(Collected data)
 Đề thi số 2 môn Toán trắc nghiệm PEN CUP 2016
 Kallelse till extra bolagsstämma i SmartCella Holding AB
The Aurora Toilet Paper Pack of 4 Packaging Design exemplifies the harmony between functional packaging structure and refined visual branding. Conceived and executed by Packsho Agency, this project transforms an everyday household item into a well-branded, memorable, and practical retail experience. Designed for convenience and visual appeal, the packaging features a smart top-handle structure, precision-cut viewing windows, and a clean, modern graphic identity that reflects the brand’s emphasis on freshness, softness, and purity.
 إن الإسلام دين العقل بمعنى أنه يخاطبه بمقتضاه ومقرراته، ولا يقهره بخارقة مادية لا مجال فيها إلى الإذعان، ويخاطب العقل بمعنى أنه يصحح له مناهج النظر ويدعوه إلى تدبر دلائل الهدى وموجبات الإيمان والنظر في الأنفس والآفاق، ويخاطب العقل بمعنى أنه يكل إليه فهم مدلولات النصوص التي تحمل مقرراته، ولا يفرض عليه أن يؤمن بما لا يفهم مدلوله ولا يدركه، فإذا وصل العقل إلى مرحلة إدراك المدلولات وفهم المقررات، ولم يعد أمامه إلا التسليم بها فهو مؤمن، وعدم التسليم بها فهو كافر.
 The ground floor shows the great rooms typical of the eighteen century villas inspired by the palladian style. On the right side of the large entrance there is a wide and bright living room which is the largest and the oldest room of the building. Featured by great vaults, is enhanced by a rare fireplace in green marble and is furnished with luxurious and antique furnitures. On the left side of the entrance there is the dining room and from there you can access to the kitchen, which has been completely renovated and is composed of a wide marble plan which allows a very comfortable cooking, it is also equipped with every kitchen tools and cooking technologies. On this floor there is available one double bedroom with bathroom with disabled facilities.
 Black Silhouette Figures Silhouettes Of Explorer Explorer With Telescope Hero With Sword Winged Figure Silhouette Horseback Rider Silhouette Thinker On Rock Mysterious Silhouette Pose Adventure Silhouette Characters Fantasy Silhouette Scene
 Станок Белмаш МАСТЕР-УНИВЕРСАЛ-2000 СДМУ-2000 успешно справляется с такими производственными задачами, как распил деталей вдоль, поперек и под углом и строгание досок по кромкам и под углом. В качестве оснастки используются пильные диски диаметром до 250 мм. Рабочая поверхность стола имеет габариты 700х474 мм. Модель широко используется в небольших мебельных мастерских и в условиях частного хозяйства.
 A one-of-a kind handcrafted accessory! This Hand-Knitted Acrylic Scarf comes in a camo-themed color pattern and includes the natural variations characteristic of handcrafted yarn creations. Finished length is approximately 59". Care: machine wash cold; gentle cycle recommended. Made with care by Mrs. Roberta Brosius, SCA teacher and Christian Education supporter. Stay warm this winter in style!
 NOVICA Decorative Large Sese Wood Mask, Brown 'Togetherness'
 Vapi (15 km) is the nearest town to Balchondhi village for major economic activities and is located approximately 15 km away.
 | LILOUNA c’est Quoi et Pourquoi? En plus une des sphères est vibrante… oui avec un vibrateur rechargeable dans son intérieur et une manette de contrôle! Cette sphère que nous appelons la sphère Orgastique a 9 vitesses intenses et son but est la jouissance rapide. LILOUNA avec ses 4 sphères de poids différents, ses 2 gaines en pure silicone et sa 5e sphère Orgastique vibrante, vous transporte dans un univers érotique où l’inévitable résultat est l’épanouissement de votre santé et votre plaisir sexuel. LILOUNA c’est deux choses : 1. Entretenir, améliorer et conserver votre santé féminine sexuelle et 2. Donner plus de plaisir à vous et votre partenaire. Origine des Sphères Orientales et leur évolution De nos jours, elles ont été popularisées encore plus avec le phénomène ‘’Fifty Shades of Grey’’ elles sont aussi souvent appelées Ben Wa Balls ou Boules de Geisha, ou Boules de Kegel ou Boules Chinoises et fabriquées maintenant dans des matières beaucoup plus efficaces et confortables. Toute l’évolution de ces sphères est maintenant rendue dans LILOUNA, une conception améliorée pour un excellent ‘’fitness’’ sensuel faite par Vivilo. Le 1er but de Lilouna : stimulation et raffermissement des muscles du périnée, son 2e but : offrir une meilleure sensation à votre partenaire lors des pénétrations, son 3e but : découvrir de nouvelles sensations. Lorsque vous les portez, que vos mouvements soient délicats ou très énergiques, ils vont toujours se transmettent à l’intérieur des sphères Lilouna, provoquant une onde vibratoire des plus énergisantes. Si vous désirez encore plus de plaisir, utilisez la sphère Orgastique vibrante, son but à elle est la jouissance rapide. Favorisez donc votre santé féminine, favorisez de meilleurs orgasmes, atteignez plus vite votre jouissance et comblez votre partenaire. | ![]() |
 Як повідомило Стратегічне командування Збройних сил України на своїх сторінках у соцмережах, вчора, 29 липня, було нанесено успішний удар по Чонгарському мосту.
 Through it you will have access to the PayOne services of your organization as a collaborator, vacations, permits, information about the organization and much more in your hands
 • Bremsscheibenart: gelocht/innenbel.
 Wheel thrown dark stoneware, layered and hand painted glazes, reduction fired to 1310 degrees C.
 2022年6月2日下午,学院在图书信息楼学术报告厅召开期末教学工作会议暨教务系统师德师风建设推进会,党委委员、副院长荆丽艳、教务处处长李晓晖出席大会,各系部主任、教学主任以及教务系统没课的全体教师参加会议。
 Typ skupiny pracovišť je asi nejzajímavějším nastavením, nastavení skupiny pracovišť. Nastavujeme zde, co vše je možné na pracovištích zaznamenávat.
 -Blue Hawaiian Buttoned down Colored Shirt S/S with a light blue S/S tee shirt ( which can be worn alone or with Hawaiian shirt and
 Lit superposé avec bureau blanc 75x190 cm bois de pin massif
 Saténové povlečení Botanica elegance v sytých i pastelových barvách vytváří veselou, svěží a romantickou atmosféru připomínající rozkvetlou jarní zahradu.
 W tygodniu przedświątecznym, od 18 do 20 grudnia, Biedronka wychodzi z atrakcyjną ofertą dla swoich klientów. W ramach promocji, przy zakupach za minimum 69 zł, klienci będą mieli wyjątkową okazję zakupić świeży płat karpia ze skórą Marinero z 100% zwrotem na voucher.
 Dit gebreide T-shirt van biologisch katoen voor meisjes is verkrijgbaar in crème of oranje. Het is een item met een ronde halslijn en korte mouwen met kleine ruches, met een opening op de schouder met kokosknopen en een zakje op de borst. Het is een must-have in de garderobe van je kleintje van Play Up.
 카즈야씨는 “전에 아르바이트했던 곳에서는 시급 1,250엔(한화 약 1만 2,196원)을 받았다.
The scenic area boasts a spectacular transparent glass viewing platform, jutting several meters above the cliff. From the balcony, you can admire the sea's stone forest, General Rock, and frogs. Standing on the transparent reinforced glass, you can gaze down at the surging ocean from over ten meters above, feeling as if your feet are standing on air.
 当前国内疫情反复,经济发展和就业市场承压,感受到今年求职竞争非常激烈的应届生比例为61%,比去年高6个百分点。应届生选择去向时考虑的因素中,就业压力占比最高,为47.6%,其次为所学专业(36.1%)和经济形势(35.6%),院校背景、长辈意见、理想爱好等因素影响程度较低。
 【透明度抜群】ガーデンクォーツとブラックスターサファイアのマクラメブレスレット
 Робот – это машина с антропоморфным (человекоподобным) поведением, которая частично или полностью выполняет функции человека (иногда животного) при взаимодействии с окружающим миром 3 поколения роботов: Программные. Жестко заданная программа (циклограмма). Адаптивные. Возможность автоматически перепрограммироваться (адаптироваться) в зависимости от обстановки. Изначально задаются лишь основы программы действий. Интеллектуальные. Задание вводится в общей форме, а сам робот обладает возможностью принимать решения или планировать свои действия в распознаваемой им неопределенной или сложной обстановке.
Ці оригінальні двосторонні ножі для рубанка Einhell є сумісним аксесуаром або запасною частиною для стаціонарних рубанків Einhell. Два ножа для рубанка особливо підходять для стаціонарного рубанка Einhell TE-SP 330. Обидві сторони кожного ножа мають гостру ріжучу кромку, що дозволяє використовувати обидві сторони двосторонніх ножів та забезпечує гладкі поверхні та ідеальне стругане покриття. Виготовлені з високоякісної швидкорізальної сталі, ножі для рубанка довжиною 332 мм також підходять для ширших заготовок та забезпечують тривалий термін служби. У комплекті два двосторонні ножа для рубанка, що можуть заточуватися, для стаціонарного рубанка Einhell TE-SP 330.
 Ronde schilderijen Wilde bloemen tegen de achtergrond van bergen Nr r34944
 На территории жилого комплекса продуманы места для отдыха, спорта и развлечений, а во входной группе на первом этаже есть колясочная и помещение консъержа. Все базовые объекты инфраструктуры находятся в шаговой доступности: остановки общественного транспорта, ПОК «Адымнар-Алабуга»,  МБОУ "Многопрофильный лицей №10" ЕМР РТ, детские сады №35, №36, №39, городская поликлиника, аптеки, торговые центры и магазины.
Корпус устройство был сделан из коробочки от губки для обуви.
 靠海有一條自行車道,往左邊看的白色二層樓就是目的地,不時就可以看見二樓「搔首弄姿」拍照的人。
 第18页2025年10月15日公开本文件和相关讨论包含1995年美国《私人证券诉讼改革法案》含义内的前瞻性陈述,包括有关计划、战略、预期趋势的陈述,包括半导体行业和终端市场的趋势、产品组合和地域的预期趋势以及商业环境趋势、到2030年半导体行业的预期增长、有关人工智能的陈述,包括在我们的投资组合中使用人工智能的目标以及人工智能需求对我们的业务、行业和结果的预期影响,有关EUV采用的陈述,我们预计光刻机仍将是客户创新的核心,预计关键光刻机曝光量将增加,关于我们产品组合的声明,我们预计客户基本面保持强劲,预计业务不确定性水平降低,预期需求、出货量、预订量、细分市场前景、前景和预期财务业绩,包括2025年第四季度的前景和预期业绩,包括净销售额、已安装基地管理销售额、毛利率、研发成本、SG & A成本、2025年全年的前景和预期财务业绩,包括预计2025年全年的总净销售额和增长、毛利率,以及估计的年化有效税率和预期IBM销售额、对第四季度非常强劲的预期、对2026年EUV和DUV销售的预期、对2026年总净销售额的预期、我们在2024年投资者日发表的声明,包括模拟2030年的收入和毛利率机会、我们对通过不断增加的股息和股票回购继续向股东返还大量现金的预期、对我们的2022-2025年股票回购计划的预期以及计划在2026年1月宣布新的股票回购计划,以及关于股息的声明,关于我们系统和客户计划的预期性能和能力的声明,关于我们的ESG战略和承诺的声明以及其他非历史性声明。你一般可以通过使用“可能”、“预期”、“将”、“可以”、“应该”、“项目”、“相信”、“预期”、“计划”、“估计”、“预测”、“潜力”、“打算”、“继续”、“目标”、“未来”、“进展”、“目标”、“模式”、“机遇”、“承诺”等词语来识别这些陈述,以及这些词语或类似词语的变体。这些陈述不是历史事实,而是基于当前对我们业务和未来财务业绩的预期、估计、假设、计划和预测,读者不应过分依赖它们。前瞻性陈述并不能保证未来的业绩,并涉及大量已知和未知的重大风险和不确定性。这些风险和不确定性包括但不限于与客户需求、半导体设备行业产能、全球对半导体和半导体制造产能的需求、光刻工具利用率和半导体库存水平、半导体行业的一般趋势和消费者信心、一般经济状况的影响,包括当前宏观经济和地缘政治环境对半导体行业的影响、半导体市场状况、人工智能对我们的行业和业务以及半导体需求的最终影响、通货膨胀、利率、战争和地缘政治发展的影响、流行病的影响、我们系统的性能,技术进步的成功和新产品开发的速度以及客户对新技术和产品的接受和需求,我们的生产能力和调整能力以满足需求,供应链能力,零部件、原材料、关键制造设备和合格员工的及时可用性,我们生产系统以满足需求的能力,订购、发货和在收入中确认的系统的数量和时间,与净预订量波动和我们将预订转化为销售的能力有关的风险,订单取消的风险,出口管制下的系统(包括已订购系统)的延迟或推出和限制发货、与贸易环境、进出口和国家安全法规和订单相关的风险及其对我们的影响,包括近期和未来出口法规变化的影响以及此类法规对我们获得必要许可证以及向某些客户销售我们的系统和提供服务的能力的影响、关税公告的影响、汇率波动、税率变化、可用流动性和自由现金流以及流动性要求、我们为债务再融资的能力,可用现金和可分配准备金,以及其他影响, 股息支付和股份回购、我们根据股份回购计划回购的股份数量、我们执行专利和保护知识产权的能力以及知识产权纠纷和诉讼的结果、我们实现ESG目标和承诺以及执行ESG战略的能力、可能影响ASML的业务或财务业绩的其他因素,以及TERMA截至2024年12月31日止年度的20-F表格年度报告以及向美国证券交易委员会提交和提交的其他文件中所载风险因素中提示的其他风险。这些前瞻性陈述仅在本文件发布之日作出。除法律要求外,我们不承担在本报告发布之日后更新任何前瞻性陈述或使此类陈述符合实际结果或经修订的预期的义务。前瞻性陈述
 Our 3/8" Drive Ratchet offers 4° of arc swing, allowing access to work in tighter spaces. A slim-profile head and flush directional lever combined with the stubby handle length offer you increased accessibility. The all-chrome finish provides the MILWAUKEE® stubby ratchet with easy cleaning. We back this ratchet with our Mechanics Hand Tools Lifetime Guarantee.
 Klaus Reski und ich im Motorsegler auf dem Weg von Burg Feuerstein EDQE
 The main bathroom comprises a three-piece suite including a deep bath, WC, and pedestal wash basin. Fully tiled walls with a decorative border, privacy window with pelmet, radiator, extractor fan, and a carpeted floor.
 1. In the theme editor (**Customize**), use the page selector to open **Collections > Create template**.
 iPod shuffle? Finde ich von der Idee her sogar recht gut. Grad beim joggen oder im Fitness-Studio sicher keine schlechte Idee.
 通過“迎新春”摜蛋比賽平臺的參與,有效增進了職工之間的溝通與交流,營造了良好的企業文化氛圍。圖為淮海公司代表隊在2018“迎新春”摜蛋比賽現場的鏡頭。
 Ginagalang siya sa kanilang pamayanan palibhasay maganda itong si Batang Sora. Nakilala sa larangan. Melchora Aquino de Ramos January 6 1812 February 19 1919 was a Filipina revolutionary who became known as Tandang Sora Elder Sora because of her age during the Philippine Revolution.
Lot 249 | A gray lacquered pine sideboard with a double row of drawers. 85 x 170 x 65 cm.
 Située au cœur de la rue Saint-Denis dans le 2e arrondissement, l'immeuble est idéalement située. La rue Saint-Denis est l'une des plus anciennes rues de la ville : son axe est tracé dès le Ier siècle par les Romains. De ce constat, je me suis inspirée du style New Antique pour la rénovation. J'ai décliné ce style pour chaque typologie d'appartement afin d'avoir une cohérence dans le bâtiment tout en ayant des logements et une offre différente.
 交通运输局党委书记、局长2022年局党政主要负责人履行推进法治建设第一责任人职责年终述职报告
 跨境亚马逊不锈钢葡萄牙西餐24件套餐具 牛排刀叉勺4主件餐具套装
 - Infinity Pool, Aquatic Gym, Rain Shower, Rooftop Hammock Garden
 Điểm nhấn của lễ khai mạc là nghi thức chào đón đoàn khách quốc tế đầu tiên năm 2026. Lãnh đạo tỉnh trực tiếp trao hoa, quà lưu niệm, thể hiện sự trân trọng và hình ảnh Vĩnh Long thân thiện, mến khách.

TRY IT: When you answer, output each line of the data exactly as given, from its first line up to and including the one with "Black Silhouette Figures".

SOLUTION TO THIS TASK:
 Đề thi số 2 môn Toán trắc nghiệm PEN CUP 2016
 Kallelse till extra bolagsstämma i SmartCella Holding AB
The Aurora Toilet Paper Pack of 4 Packaging Design exemplifies the harmony between functional packaging structure and refined visual branding. Conceived and executed by Packsho Agency, this project transforms an everyday household item into a well-branded, memorable, and practical retail experience. Designed for convenience and visual appeal, the packaging features a smart top-handle structure, precision-cut viewing windows, and a clean, modern graphic identity that reflects the brand’s emphasis on freshness, softness, and purity.
 إن الإسلام دين العقل بمعنى أنه يخاطبه بمقتضاه ومقرراته، ولا يقهره بخارقة مادية لا مجال فيها إلى الإذعان، ويخاطب العقل بمعنى أنه يصحح له مناهج النظر ويدعوه إلى تدبر دلائل الهدى وموجبات الإيمان والنظر في الأنفس والآفاق، ويخاطب العقل بمعنى أنه يكل إليه فهم مدلولات النصوص التي تحمل مقرراته، ولا يفرض عليه أن يؤمن بما لا يفهم مدلوله ولا يدركه، فإذا وصل العقل إلى مرحلة إدراك المدلولات وفهم المقررات، ولم يعد أمامه إلا التسليم بها فهو مؤمن، وعدم التسليم بها فهو كافر.
 The ground floor shows the great rooms typical of the eighteen century villas inspired by the palladian style. On the right side of the large entrance there is a wide and bright living room which is the largest and the oldest room of the building. Featured by great vaults, is enhanced by a rare fireplace in green marble and is furnished with luxurious and antique furnitures. On the left side of the entrance there is the dining room and from there you can access to the kitchen, which has been completely renovated and is composed of a wide marble plan which allows a very comfortable cooking, it is also equipped with every kitchen tools and cooking technologies. On this floor there is available one double bedroom with bathroom with disabled facilities.
 Black Silhouette Figures Silhouettes Of Explorer Explorer With Telescope Hero With Sword Winged Figure Silhouette Horseback Rider Silhouette Thinker On Rock Mysterious Silhouette Pose Adventure Silhouette Characters Fantasy Silhouette Scene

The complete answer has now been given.